Similarly, we give our Celestial Sphere three reference points to help us navigate – the North Celestial Pole, the South Celestial Pole and the Celestial Equator, directly above their earthly counterparts. The ‘latitude’ of the Celestial Sphere is called declination (Dec), and is also measured in degrees. The Celestial Equator is 0º Dec, just like the normal Equator is 0º latitude. The only subtle difference is that directions North of the Celestial Equator are considered positive, and directions South of the Celestial Equator are negative. So the North Celestial Pole is 90º (+90º) Dec, and the South Celestial Pole is -90º Dec.

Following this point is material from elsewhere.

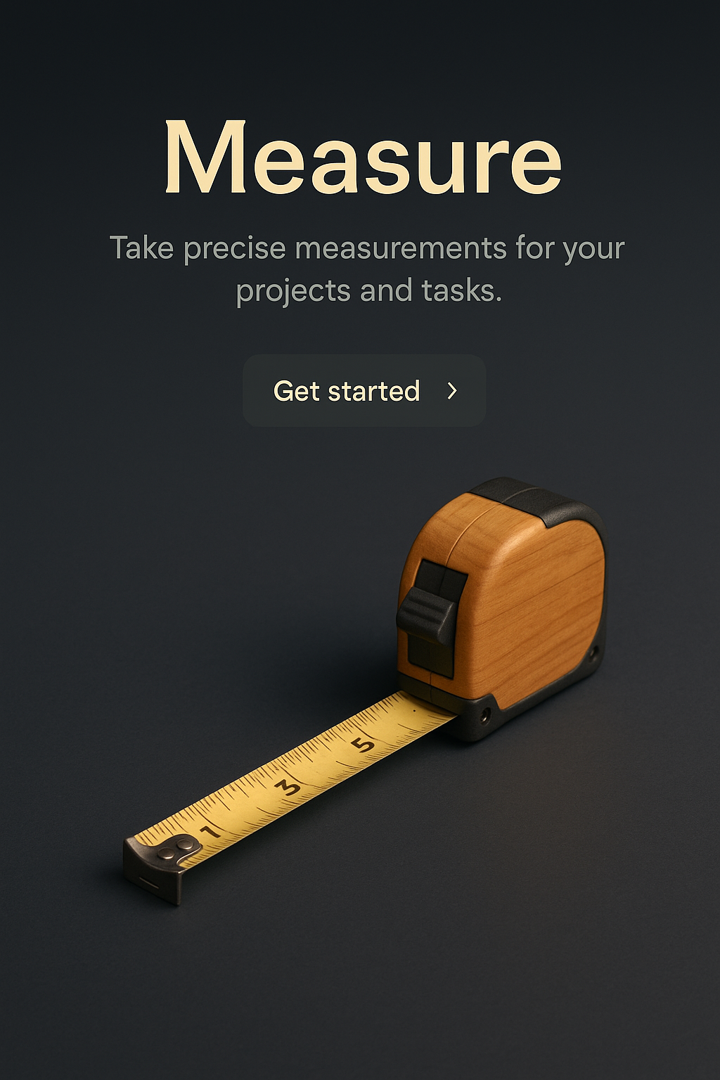 A detailed 3D scene showcasing a measuring tape against a dark gradient background. The design includes a small label and action button, creating a cohesive visual narrative.

Now we all know that the Earth goes around the Sun, and not the other way around. But if we are thinking of the sky as a sphere that holds us in, it’s also useful to imagine that the Sun is going around the Earth in this sphere. The line that the Sun traces as it “goes around the Earth” is called the ecliptic.
The Earth moves around the Sun on a flat plane, but spins at a tilt of 23.5º. Because of this tilt, the Sun’s declination varies between -23.5º and 23.5º over the course of the year.

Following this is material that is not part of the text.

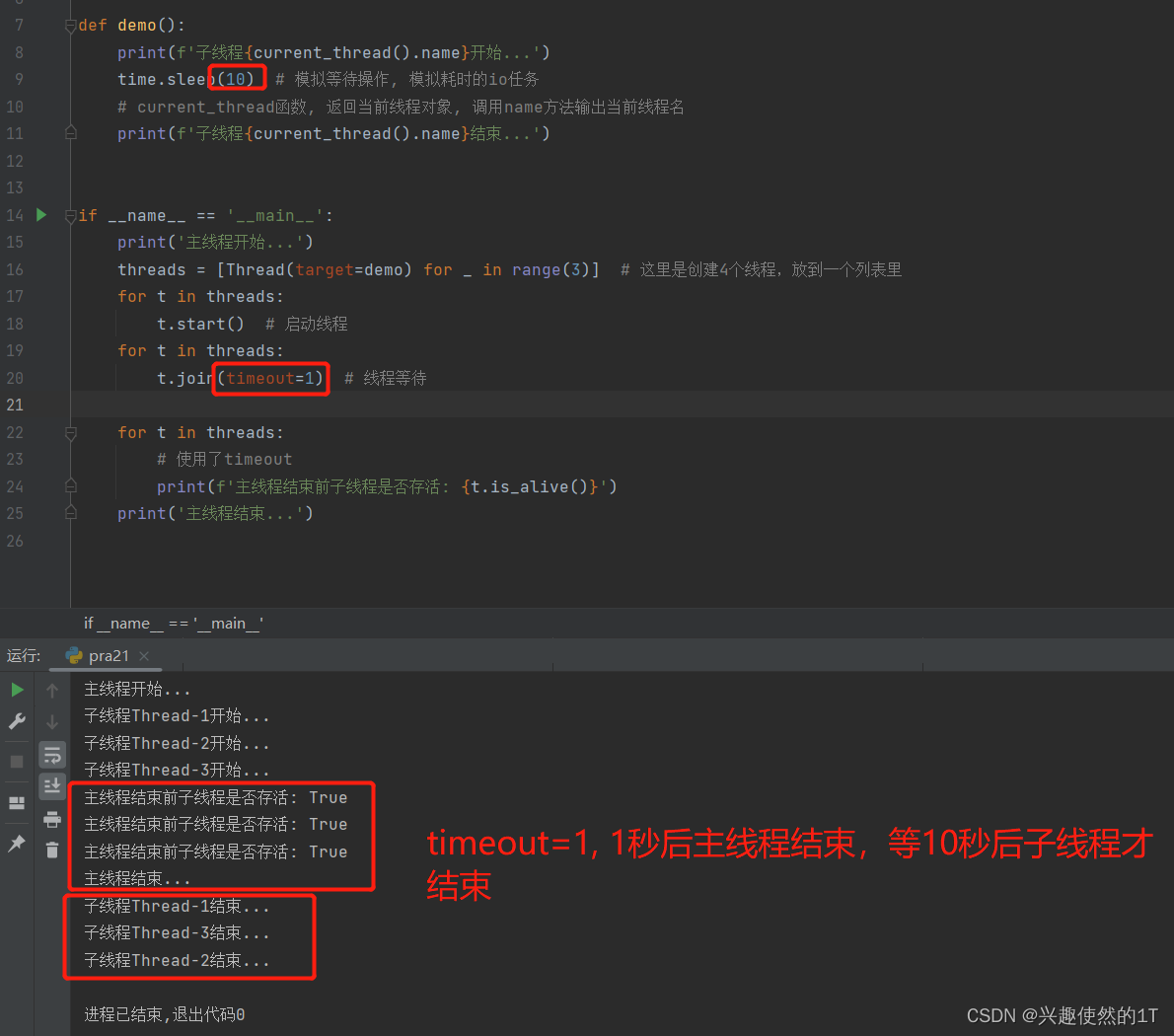 另外,join可以设置等待时间,使用参数timeout,timeout设置的时间到了后,主线程得到使用权,主线程结束。

We now have four things to help us orient ourselves while looking up – the North Celestial Pole, the South Celestial Pole, the Celestial Equator and the ecliptic. For now, we’ll focus on the first three – the ecliptic will make itself useful later on.
From a single point on Earth, we can only see half the Celestial Sphere at any given moment.
Imagine standing exactly at the North Pole of Earth.
Here the North Celestial Pole will be directly above you, and the Celestial Equator will be where your horizon is, so this is the half you’ll see:
Now imagine standing at the Equator.
Here the North and South Celestial Poles will be at their respective sides of the horizon, and the Equator will pass over your head, as a line joining East and West.
To test your understanding, look at the illustrations below and imagine standing at the South Pole and at 45º latitude respectively. Try to figure out where the Celestial Equator and each Celestial Pole will be with respect to you. Also work out the declination at the horizon and directly overhead.
Repeat this exercise for your current latitude. Drawing it out helps!